Figure BDA0002492651690000151
(2) Relative change amount:
1 hour (19 hours and 18 hours) variance: (saturation specific humidity-actual specific humidity) variation, temperature T variation, dew point temperature TD variation, temperature dew point difference variation T-TD and relative humidity RHW variation.
2 hour (19 hours and 17 hours) variance: (saturation specific humidity-actual specific humidity) variation, temperature T variation, dew point temperature TD variation, temperature dew point difference variation T-TD and relative humidity RHW variation.
3. Forecasting the demand: it was predicted whether or not fogging occurred at 0.5 hour, 1 hour, 2 hours, and 3 hours.

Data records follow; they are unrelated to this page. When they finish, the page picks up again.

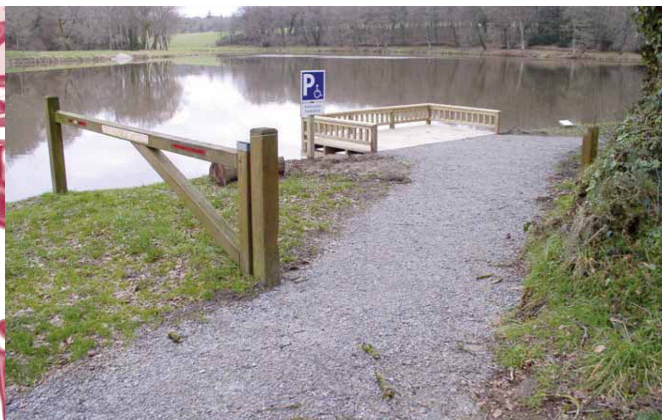
A Kerguéhennec, le poste de pêche permet aussi de découvrir les œuvres d'art.
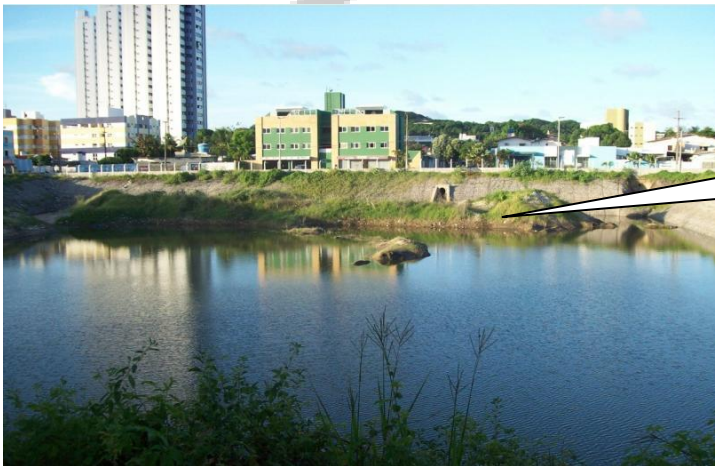
PRESENÇA DE GRANDE VOLUME DE AREIA E VEGETAÇÃO REDUZINDO O VOLUME ÚTIL DA LAGOA
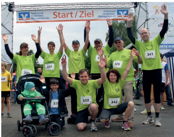
Das WBB Team beim 10. Weingartener Lebenslauf

Sie haben kommunalpolitisches Interesse und sind an einer Mitarbeit interessiert? Informationen zur Mitarbeit, Mitgliedschaft, unserer Haupt- und Beitragssatzung finden Sie auf unserer Homepage unter der Rubrik „die WBB“. Wir freuen uns auf Ihren Kontakt!
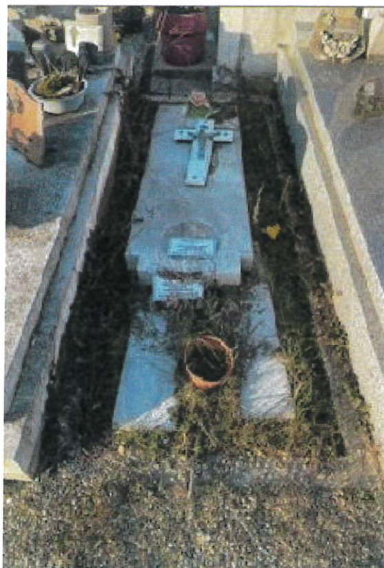
Photo 5 et 6 : tombe SAONIT constat réalisé le 07 janvier 2026 à 9h35
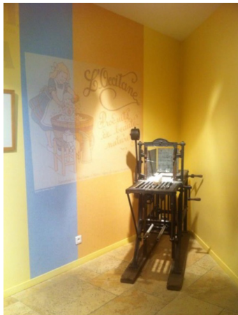
1b. Machine sans étiquette - Musée l'Occitane
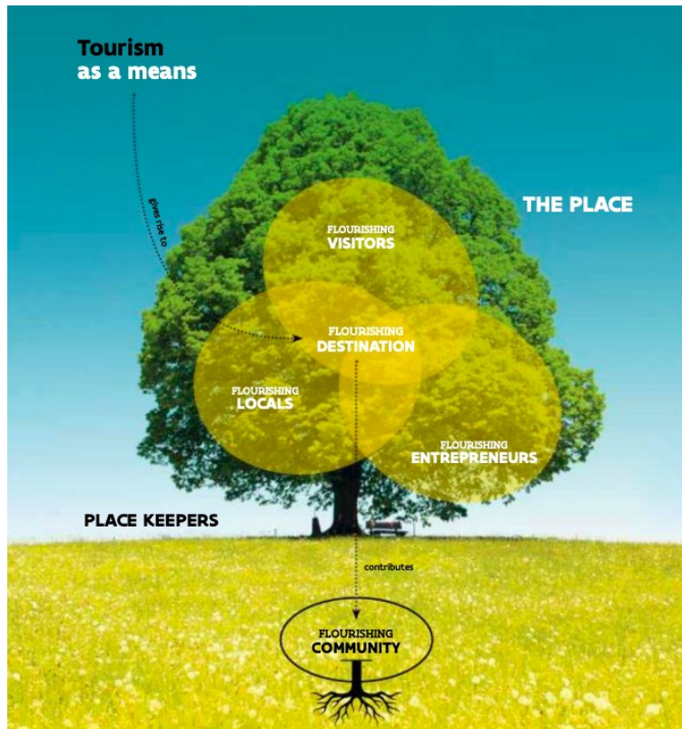
Ffigur 1 Mae'r Goeden Linden yn esbonio gweledigaeth VisitFlanders ar gyfer cyrchfan sy'n ffynnu.

Maent yn nodi y dylai nod strategol ganolog twristiaeth yn Fflandrys ganolbwyntio ar alluogi Fflandrys i ffynnu fel cyrchfan i drigolion, entrepreneuriaid a thwristiaid fel ei gilydd. Defnyddir y goeden Linden fel trosiad ar gyfer hyn, fel y dengys ffigur 1 isod.
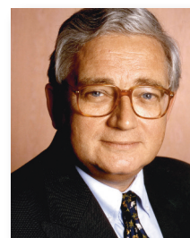
Patrice Ract Madoux Président de la CADES

En 2010, les recettes de CRDS et de CSG ont atteint 8,1 milliards d'euros et ont permis d'amortir la dette à hauteur de 5,1 milliards d'euros, conformément à l'objectif d'amortissement pour l'année 2010 fixé par la loi de financement de la sécurité sociale, après avoir versé 3,0 milliards d'euros d'intérêts aux porteurs des obligations émises par la CADES.
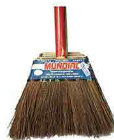
11479 VASSOURA PIAÇAVA MUNDIAL N.4 CABO PLÁST | 1X12 UNID 7898062140047
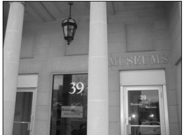
Meriden, CT, The Frank Chiarenza Museum of Glass
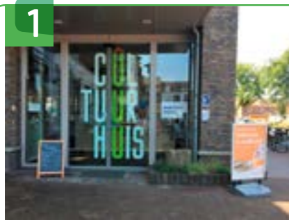
CULTUURHUIS DE MARKT 201
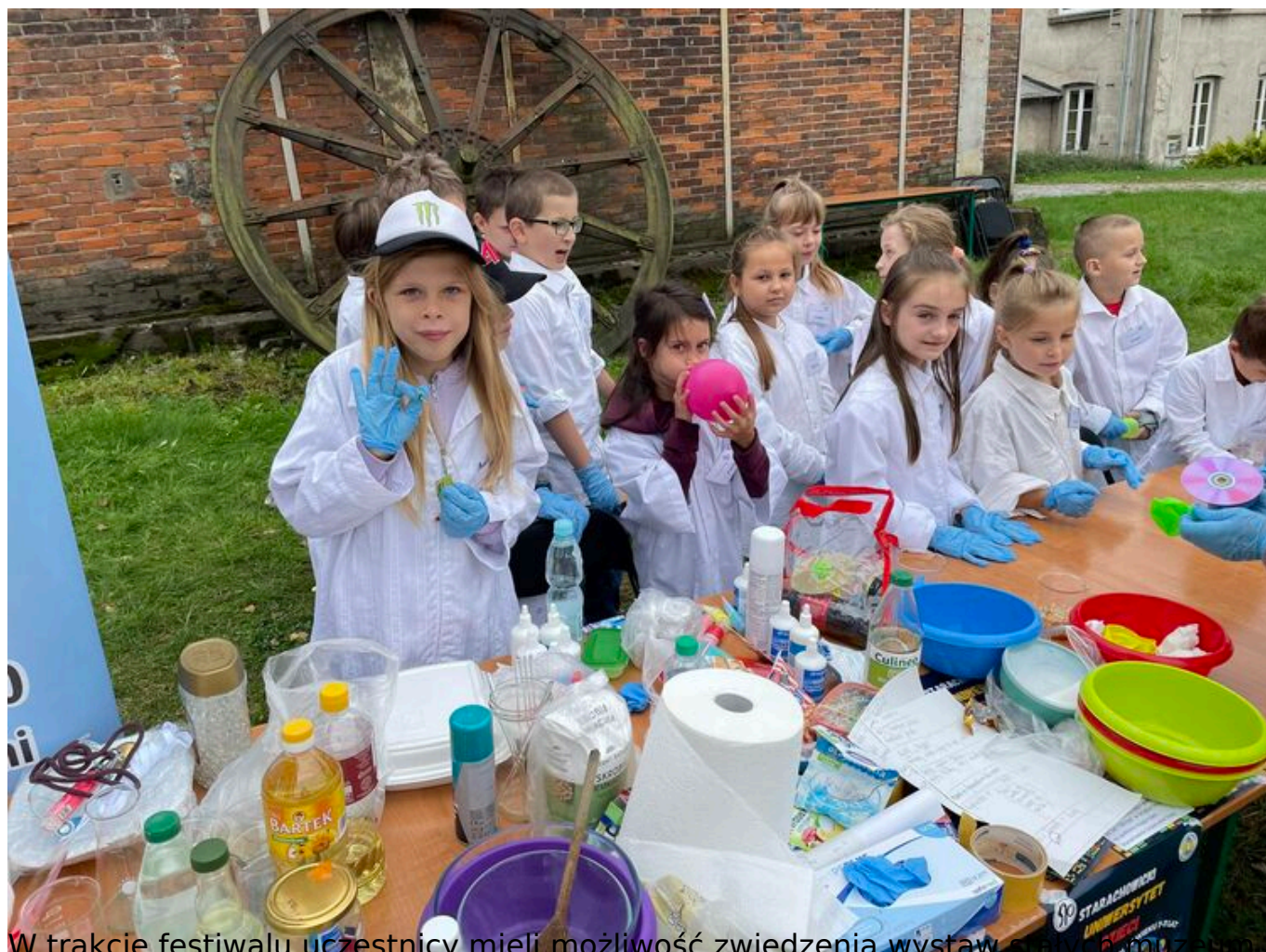
W trakcie festiwalu uczestnicy mieli możliwość zwiedzenia wystaw oraz odwiedzić Strefę Odkrywania Wyobraźni i Aktywności SOWA.
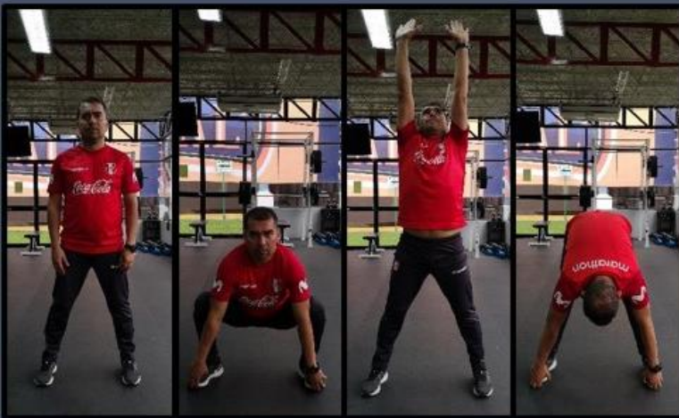
Sentadilla Sumo + Toco el Cielo
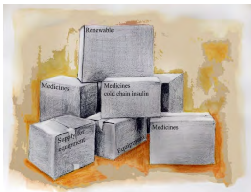
Table 1: Basic NCD kit modules with estimated weight and volume

The basic NCD kit consists of five submodules that can be ordered independently, depending on the needs, logistics and resources of the field (see Table 1 for the weight and volume of each of the five submodules). Modules (1a) to (1c) are renewables and therefore are design to last three months and cover a population of 10 000 people. Module (1e) is equipment and could last longer. Module (1d) contains renewables for the equipment in Module (1e). Module (1b) procurement requires the availability of an adequate cold chain.

4. Establishing a data sample: respectively establishing the time of 0.5 hour before the fog appearsData samples, 1 hour, 2 hours, 3 hours data samples. For example, whether fog appears at 20:00 is predicted (fog appears at 20 in the data), a data sample at 19:30 is a predicted 0.5 hour data sample, a data sample at 19:00 is a predicted 1 hour sample, a data sample at 18:00 is a predicted 2 hour sample, and a data sample at 17:00 is a predicted 3 hour sample. For the predicted 0.5 hour data sample (19:30), the data includes instantaneous data at the time of the portion 19:30, and the variance. The variance is 19:30 difference of the instantaneous data from the previous 1 hour (Dt-h), from the previous 2 hours (Dt-2 h), etc. E.g. calculating the amount of temperature change, T19:30–T18:30,T19:30–T17:30
5. If some attribute data is missing, interpolation padding can be performed by using data of adjacent 20 minutes.
6. Raw data, data samples were collected 10 minutes.
Data processing and training sample library establishment steps:
1. merging same site data
Data items in the original data having the same site (attribute number) are merged into a data subset.
2. Data quality control
Invalid data in the data set is deleted according to the following conditions.
Conditions are as follows:
(1) attribute value of 9999
(2) Judging according to the visibility. When "relative humidity" is less than 80%, and min (1 minute visibility, 10 minute visibility) <1000, the visibility data is considered erroneous.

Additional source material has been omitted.